In Simpson et al (2015), penalized complexity priors are proposed. This requires that we specify a scaling for the SDs of the random effects. We use the SD of the residuals of the fixed effects only model (what might be called the base model in the paper) to provide this scaling.
sdres <- sd(reeds$nitrogen)
pcprior <- list(prec = list(prior="pc.prec", param = c(3*sdres,0.01)))
formula <- nitrogen ~ f(site, model="iid", hyper = pcprior)

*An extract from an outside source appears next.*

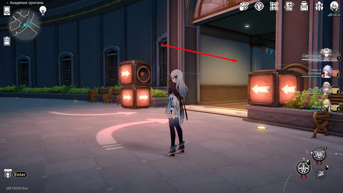 Від попередньої скрині пройдіть до сусіднього входу, але не заходьте в коридори, а поверніть праворуч — близько двох банерів та стрілочки стоїть скарбниця №13.
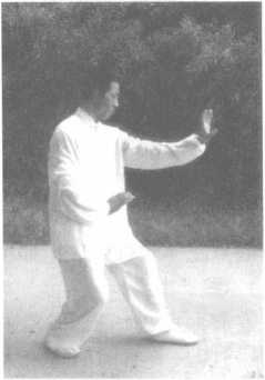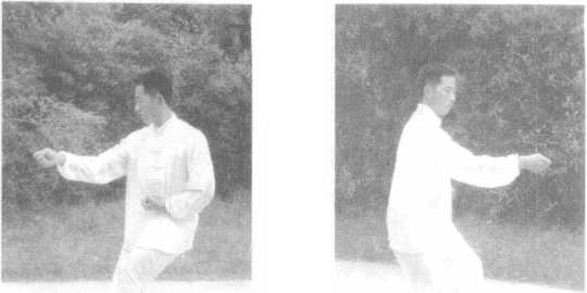 右脚向右后方斜退一大步,左拳穿插右肘下(拳心向下),眼看 右拳食指凸起处。如图35()所示。

imod <- inla(formula, family="gaussian", data=reeds)
Fixed effects
imod$summary.fixed
mean sd 0.025quant 0.5quant 0.975quant mode kld
(Intercept) 3.0293 0.30497 2.404 3.0293 3.655 3.0293 0.00025399
random effects
bri.hyperpar.summary(imod)
mean sd q0.025 q0.5 q0.975 mode
SD for the Gaussian observations 0.28651 0.055529 0.19794 0.27906 0.41494 0.26358
SD for site 0.46599 0.219838 0.18247 0.41706 1.02813 0.33867
which can be plotted as:
bri.hyperpar.plot(imod)
This results in a larger posterior for the site SD. Hence the PC prior is putting more weight on larger SDs.
We can plot the random effect posterior densities for the three sites:
reff <- imod$marginals.random
x <- seq(-1.5,1.5,len=100)
d1 <- inla.dmarginal(x, reff$site[[1]])
d2 <- inla.dmarginal(x, reff$site[[2]])
d3 <- inla.dmarginal(x, reff$site[[3]])
rdf <- data.frame(bright=c(x,x,x),density=c(d1,d2,d3),site=gl(3,100,labels=LETTERS[1:3]))
ggplot(rdf, aes(x=bright, y=density, color=site))+geom_line()
What is the probability that a sample from site B would exceed the nitrogen in a sample from site C? We can answer this question with a sample from the posterior:
imod <- inla(formula, family="gaussian", data=reeds, control.compute=list(config = TRUE))
psamp = inla.posterior.sample(n=1000, imod)
lvsamp = t(sapply(psamp, function(x) x$latent))
colnames(lvsamp) = make.names(row.names(psamp[[1]]$latent))
plot(site.2 ~ site.3, lvsamp)
mean(lvsamp[,'site.2'] > lvsamp[,'site.3'])
[1] 0
Although the site posteriors overlap in the figure, the positive correlation between the two variables means that the chance of B>C is negligible.